調息: 自然な呼吸を確認する

〇 呼吸の仕方:まずは、調身しながら、普通の呼吸を静かに感じて整えてくだい。つまり、ゆっくり姿勢を整えながら呼吸も整えます。

 また、肺の中にたまっている空気を全部吐き出し、吐き出しきったところで 大きく息を吸い込む。これを欠気一息(かんきいっそく)といい、これを1~2回繰り返し、 後は自然の呼吸にまかせる方法もあります。

 

調心 : 心を調える 数息観(すうそくかん)

〇 数息観:姿勢を調え、呼吸を調えた後、心を調えるということになりますが、調息と調心は同時に行うことになります。このことを、数息観法といいます。自分の呼吸を自然に行い呼吸を整え、その吸う息・吐く息を数える方法です。次に数息観の仕方を示します。 

(呼吸は鼻から吸い~鼻へと吐きます)

この時、唇は軽く合わせ顎を軽くひき背筋を伸ばします。

 

数息観には、次のように三つの段階があります。

前期の数息観

中期の数息観

後期の数息観

以下、それぞれを述べます。

 

★ 数息観の仕方について

(前期の数息観)

◆「前期」は、自分の自然な呼吸を1から100まで数えます。

 最初の入息をイ―と、そして最初の出息をそのまま受けてチ―と数

 えます。つまり最初の一呼吸でイ―チ―です。次の呼吸が二-イ―

 であり、その次がサ―ン―となります。かくて11番目はジュ―と吸

 いイ―チと吐き、20はニィ―と吸いジュ―と吐き、21はニジュ―

 と吸いイーチと吐きます。100はヒヤァ―と吸いク―と吐き、その

 まま再びイ―チ―と1にかえるのです。

 

 これだけのことなら、数のかぞえられる者なら誰でもわけなくできる筈ですが、ここに二つの条件があります。この条件を無視したのでは、ただ息を数えるということだけであって、数息観になりません。ところが、この条件にかなうということは甚だむずかしいことで、大いに修練を要するのです。

 

※ さてその条件と申しますのは次の三つです。
A.勘定を問違えないこと。

B.雑念を交えないこと。
 C・以上二条件に反したら1に戻すこと。

                                
 これは何でもない条件のようですが、さていよいよ実施してみると、容易でないことにお気付きになるはずです。

 

※ A. の「勘定を間違えない」とは、数を飛ばしたり後戻りをした

  りしないということです。

 

※ B. の「雑念を交えない」とは、数をかぞえること以外のことを考

  えないことです。 もちろん無感覚になっているのではないので

  すから、外界からの刺激を受けて、見えもしますし聞えもしま

  しょう。

  いわゆる「見れども見えず聞けども聞えず」というのは、単に見

  えない 聞こえないということではなしに、見たら見たまま聞い

  たら聞いたままにして、自己の考えを乱されないことです。

 

 三味の力を養うには、特にこの三条件を厳格に守ることにします。また時には100から逆に99・98と数えてみるのも一法です。こんなふうにして滞りなく数息観が実施できる自信がついたら、自分免許で中期に進むのもよいでしょう。       

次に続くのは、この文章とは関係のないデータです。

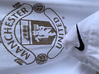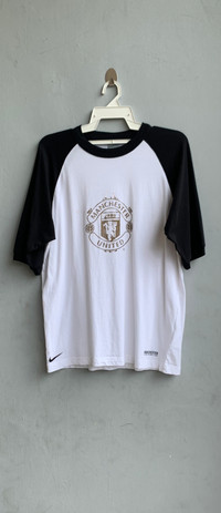 Manchester United x Nike Tee Size on tag : L Brand : Nike Armpit to armpit : 23" Top to bottom : 28.5" Material : 100% Cotton Colour : White/Black Condition : GOOD CONDITION Stich: all double
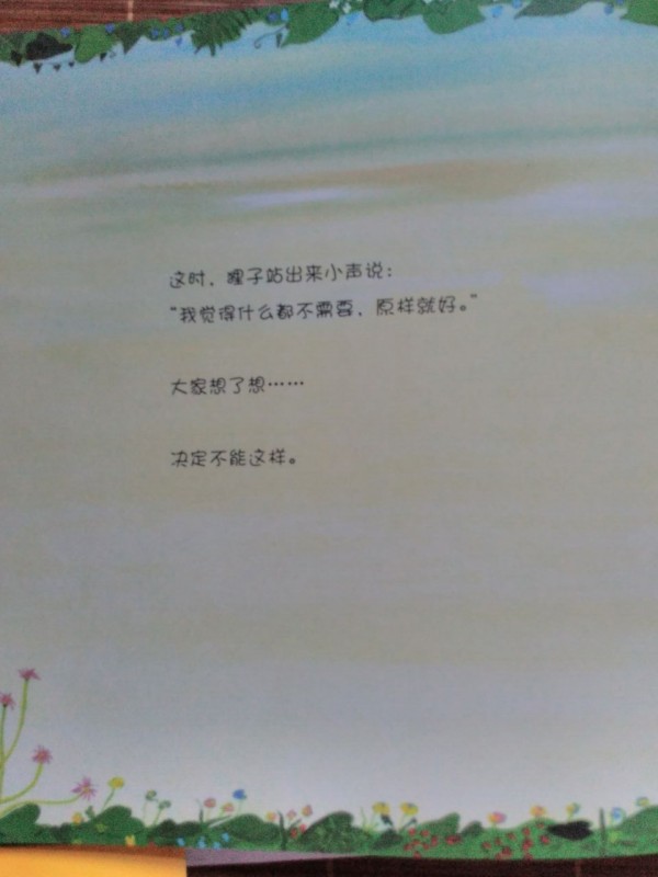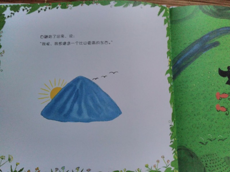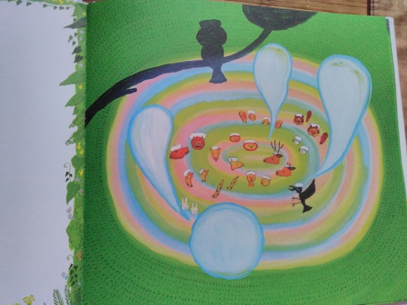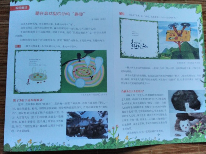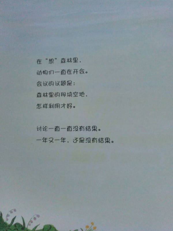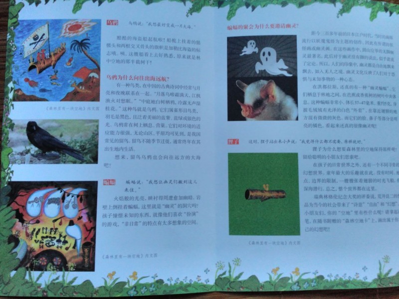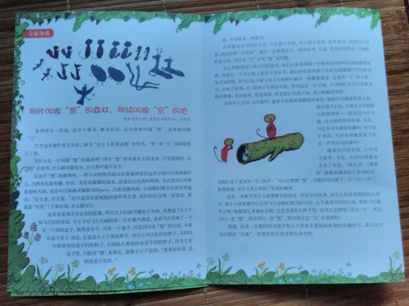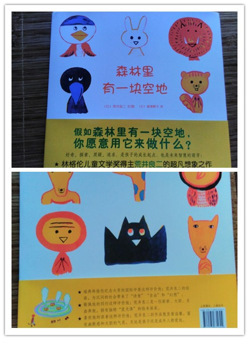 ![]() 这是我第一次参加地带分享活动,这次的分享活动是飓风社组织的,分享的绘本是《森林里有一块空地》,非常感谢宝宝地带,感谢飓风社,让我第一次参加分享活动就有好运。《森林里有一块空地》是日本荒井良二绘著,日本猿渡静子翻译的精彩绘本,在此次分享活动之前,我并不知道荒井良二,通过分享活动,了解了他是一个很有童心的绘本画家,他的很多画都是色彩鲜明,只看一眼就能深深的被吸引住,他的画有点像油画,而且他是一个很幽默的画家。但是《森林里有一块空地》这本书的风格却和他其他的绘本不一样,下面就跟着我一起来看看这本书吧。 ![]() 这本绘本是精装本,而且是1/12大开本,收到书后真是大大的惊喜呢。书的封面背景是很干净的白色,上面有可爱的小动物,而且书的外面还有一个封皮,精装版的书籍就是讲究呢。 ![]() ![]() ![]() 故事发生在一片叫做"想"的森林里,在这片森林里有一块空地,那么问题来了,如果有一片空地,你会用来干什么?相信每一个人都有自己的想法,如果是我,我会用来种上自己喜欢的蔬菜和果树,我问了我家宝宝,她说她要在空地上玩,真是小孩子的本性啊,总是忘不了玩,不过她又联想到有些草坪上有“请勿践踏”的提示牌,所以她说如果那里树的有牌子不让在上面玩,而这个牌子又倒了,她会把牌子扶起来让来到这片森林里的人都看见。我不得不佩服孩子的想象力,那么,森林里小动物们想在这片空地上干什么呢? ![]() ![]() ![]() 小动物们对这片空地的用途各抒己见,猴子最先提议在空地上建一个温泉,这是一个有趣的提议,也让大家展开了猴子是不是喜欢泡温泉的讨论,而通过飓风社-碧沙的讲解,我们了解到在日本长野的“地狱谷”,真的有一座猴子的温泉,真是长见识了,猴子建温泉的提议得到了大家的赞同,但是不一会儿白釉说想建造一个比山更高的东西,动物多了,就会有不同意见呢,乌鸦想把这片地变成一片海,蝙蝠想让幽灵都搬到这里住,大家对这些意见一个个的肯定,又一个个的否定,人多了意见就是不容易统一呢。最后一头年闯进来,打破了大家的讨论,小动物们一哄而散,关于这片地究竟用来干什么还是没有最终答案。 ![]() ![]() ![]() ![]() ![]() ![]() ![]() 故事的最后很让人意外,也让小朋友们有"为什么小动物们害怕牛"这样的疑问,这只能自己去想像了,所以这本书是启发提高孩子想象力的好绘本呢。在这本书,还要附赠的森林空地卡以及导读手册,在空地卡上孩子可以根据自己的想法随意利用,而导读手册上不但有“想"的森林的介绍,还有一些小动物们的科普知识,很是值得小朋友好好阅读呢。 ![]() ![]() ![]()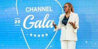 Angelica Pesha, Chief Executive Officer of Mixx by Yas, addresses guests (not in the picture) during a dinner gala event for super agents and partners held in Dar es Salaam which also marked the launch of the Wakala App, a first-of-its-kind platform designed to transform how agents manage their businesses

◆中期は1から10まで勘定して、再び1に反るやり方です。
 雑念の入ることを全く許さない数息観です。難中の難です。 

 どのような微細な念慮でも、数息以外のことを思い浮かべたら容赦

 なく1に戻してしまいます。達することができたなら、まず名人と

 か達人とか称することができるでしょう。
 

◆後期の数息観は、呼吸を数えない数息観となります。
 数えないけど数息観は行っています。この域に達すれば、もう呼吸

 などは意識せず、従って息を数えるのでもなく、そういうことは―

 切忘れはててしまうのです。忘れるといっても、数息観はしている

 のですから、ただ放心状態になっているのではありません。
 一休和尚のお歌に【忘れじと 思いしほどは 忘れけり、忘れて後は

 忘れざりけり】というのがありますが、その意味での忘れはてるの

 です。むずかしいことを言えば、ただ念々において正念に住し、

 歩々において如是であるということです。

 

※もっと詳しくという方へ、立田英山著「数息観のすすめ」の頁へ ご案内します。

1. 数息観の効用

2. 座禅の仕方 

3. 数息観の仕方

 

〇 終わりに、数息観は古くからインドで行われていた観法で、仏教と共に中国に伝わり、そして我が国に伝わってきた三国伝来の観法です。宗派には属せず、三昧力を涵養する観法です。毎日されることをおすすめします。通常の座禅は45分静座します。これを一炷香(長い線香が燃え尽きるまで)といいますが、座相が整うまでは15分くらいから始められるといいでしょう。禅者は、「一日一炷香」を合言葉に実践しています。